If $\alpha,\beta$ are roots of $x^2+px+q=0$ and also of $x^{2n}+p^nx^n+q^n=0$ and $\frac{\alpha}{\beta}$,$\frac{\beta}{\alpha}$ are the roots of $x^n+1+(x+1)^n=0$, then $n$ is
- Odd
- Even
- Any integer
$\alpha+\beta=-p$ and $\alpha\beta=q$
The third equation is $$x^n+1+\binom{n}{0}+\dbinom{n}{1}x+\cdots+\dbinom{n}{n}x^n=0$$
I cant comment about sum of roots of both second and third equation because in second equation, only 2 among $2n$ roots are given. Also, only 2 among $n$ roots are given for the third equation.
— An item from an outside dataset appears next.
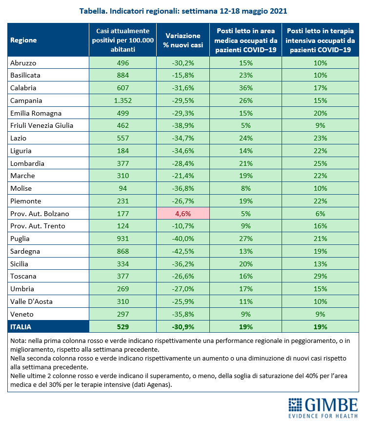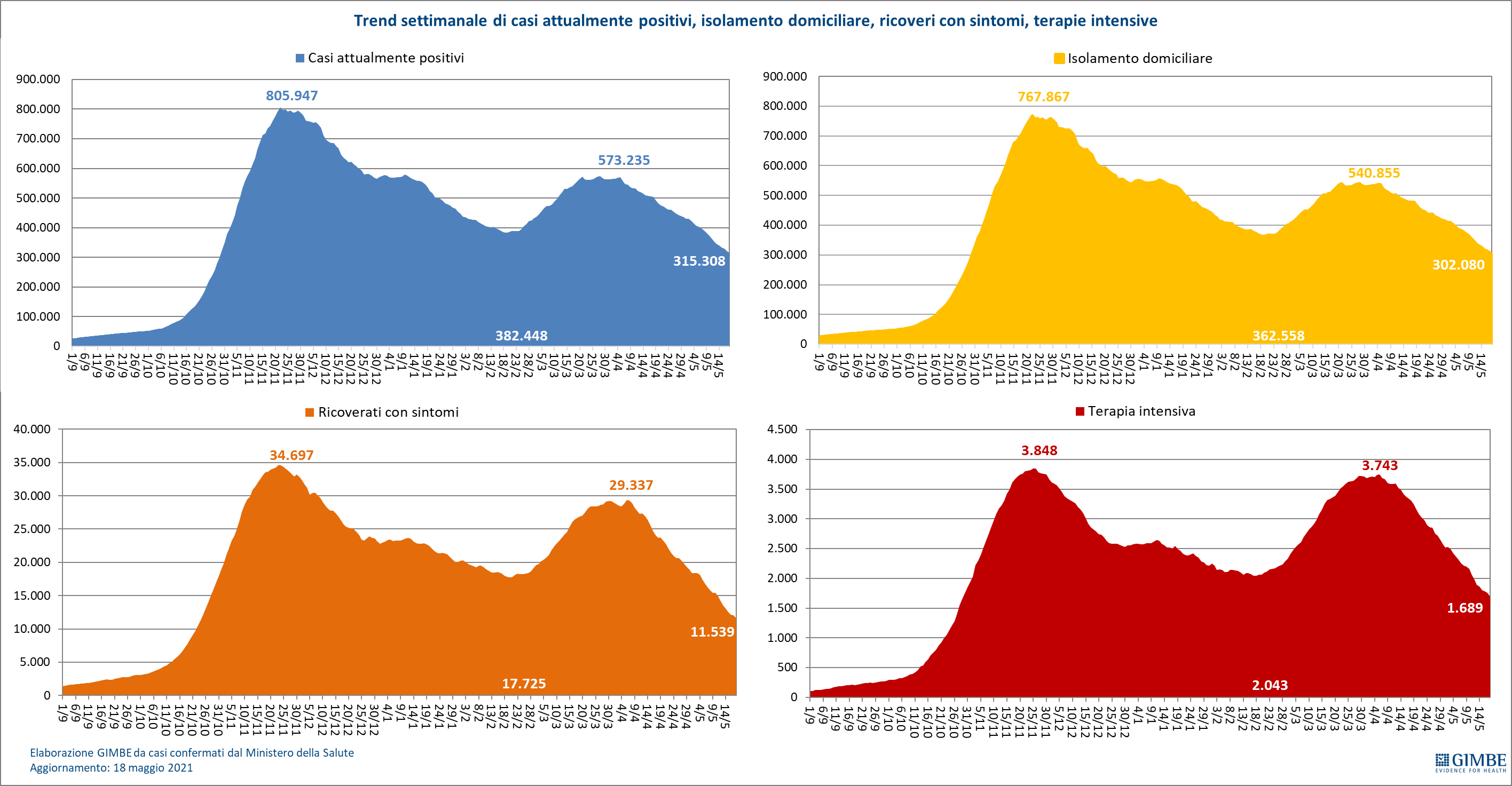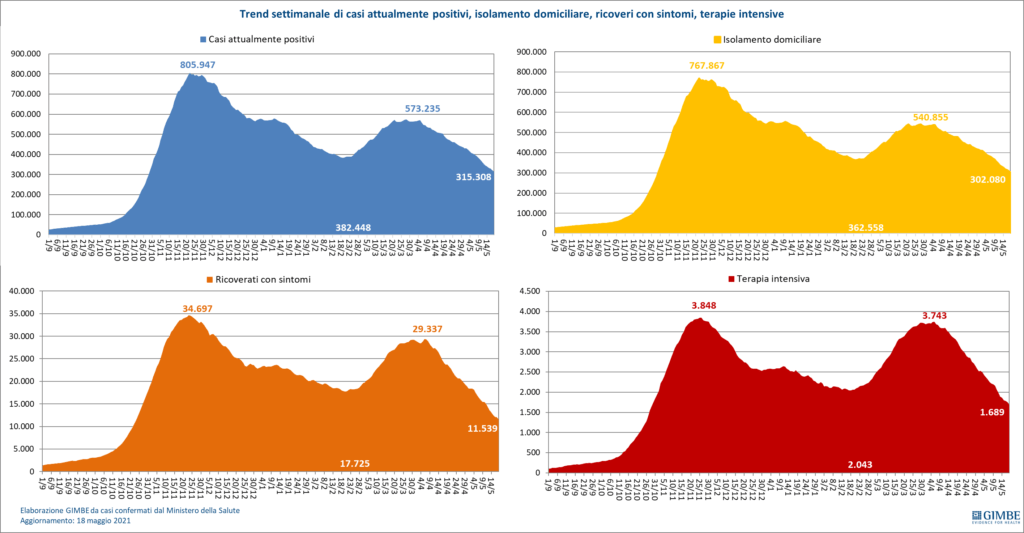 Guardando alla situazione epidemiologica nella settimana 12-18 maggio in confronto a quella precedente, Gimbe registra “una diminuzione di nuovi casi (43.795 contro 63.409) e decessi (1.215 contro 1.544). In calo anche i casi attualmente positivi (315.308 contro 363.859), le persone in isolamento domiciliare (302.080 contro 346.866), i ricoveri con sintomi (11.539 contro 14.937) e le terapie intensive (1.689 contro 2.056)”, evidenzia il report.

Assuming that you are working over the reals, note that $\alpha,\beta \neq 0$. Thus, $\alpha$ being a root of your second polynomial implies $\alpha^n +p^n +\beta ^n=0$, i.e. $-(\alpha^n +\beta^n)=p^n=(-(\alpha + \beta))^n$, where the second equation holds due to $\alpha + \beta = -p$. $\alpha/ \beta$ being a root of the third polynomial implies $-(\alpha^n + \beta ^n)=(\alpha + \beta)^n$. Putting both equations together gives $(-(\alpha + \beta))^n=(\alpha + \beta)^n$.
If $\alpha \neq -\beta$, $n$ must be even. In the other case, $-1$ must be a root of the third polynomial, i.e. $(-1)^n=-1$, and so $n$ must be odd.